Without this optimisation, branded queries may bring up competitor content or third-party sources. Your voice, accuracy, and authority can be lost in machine-generated responses. Structuring content for AI is not just a technical task: it is a strategic imperative.
While voice interfaces are growing, users still want visual confirmation. They want to see options, compare results, and make informed decisions – all within a single screen. This means that even conversational interfaces must be designed with visual feedback in mind.
Whether it’s a chatbot presenting cards, a voice assistant showing results on a screen, or an AI-enhanced search engine offering clickable options, the experience must be both conversational and visual.
This duality is essential. Users may ask with their voice, but they want to choose with their eyes. Designing for this blend of interaction styles is key to creating intuitive, effective experiences.
AI enables a level of personalisation that was previously impossible. Experiences can now adapt in real time based on user behaviour, intent signals, and historical data. This transforms the website from a static repository into a responsive, conversational interface.
Remarkable’s approach to personalisation uses machine learning to tailor content, offers, and journeys dynamically. We move beyond segmentation and personas to deliver predictive, one-to-one engagement at scale. This increases relevance, reduces friction, and drives conversion.
For example, a user browsing a travel site might be shown personalised itineraries based on previous searches, current location, and seasonal trends. A banking customer might receive tailored product recommendations based on life stage, financial goals, and recent activity. These are not generic experiences. They are intelligent conversations.
Consistency and scalability are critical in this new environment. Design systems provide the foundation for delivering coherent experiences across channels, devices, and interfaces.
As Alex Lee explained, “You’re building out your design system for all the different touch points — not just for a website, but for Instagram, Facebook, shopping results, and voice”. This ensures that brand expression is consistent, accessible, and adaptable.

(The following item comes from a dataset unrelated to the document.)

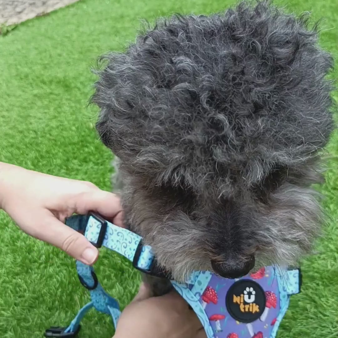 O Peitoral Reversível O Explorador é onde o design pensado encontra a aventura do dia a dia. Concebido para o explorador curioso, este peitoral oferece dois visuais completos num só: o encantador padrão de cogumelos de um lado e um padrão subtil a condizer do outro. Basta virar para combinar com o humor do dia ou com a aventura da semana.

But design systems must also support differentiation. In a world of standardised interfaces, brands must find ways to stand out. This means balancing efficiency with originality, structure with creativity, and familiarity with surprise.
As AI tools like Figma become more capable of generating layouts and components, there’s a risk of homogenisation. Interfaces start to look the same. Experiences become predictable. Creativity gets squeezed out.
Designers must push back. They must be the fly in the ointment — the ones who inject personality, disruption, and originality into increasingly standardised systems. They must challenge conventions, explore new formats, and create experiences that are not only functional but memorable.
As Alex put it, “AI can give me other people’s opinions of the future, but it can’t give me the future. I have to invent the future”.
The shift from pages to conversations is not a trend. It’s a transformation. It requires brands to rethink their architecture, restructure their content, and redesign their experiences. It demands a new approach to visibility, personalisation, and platform optimisation.
At Remarkable, we help clients navigate this change. We combine strategy, creativity, and technology to deliver experiences that convert. We build intelligent interfaces that engage users, deliver answers, and drive results.
In the AI era, your website is no longer a collection of pages. It is a living, learning, responsive system. It is not what you build. It is what your customer asks for, and how well you answer.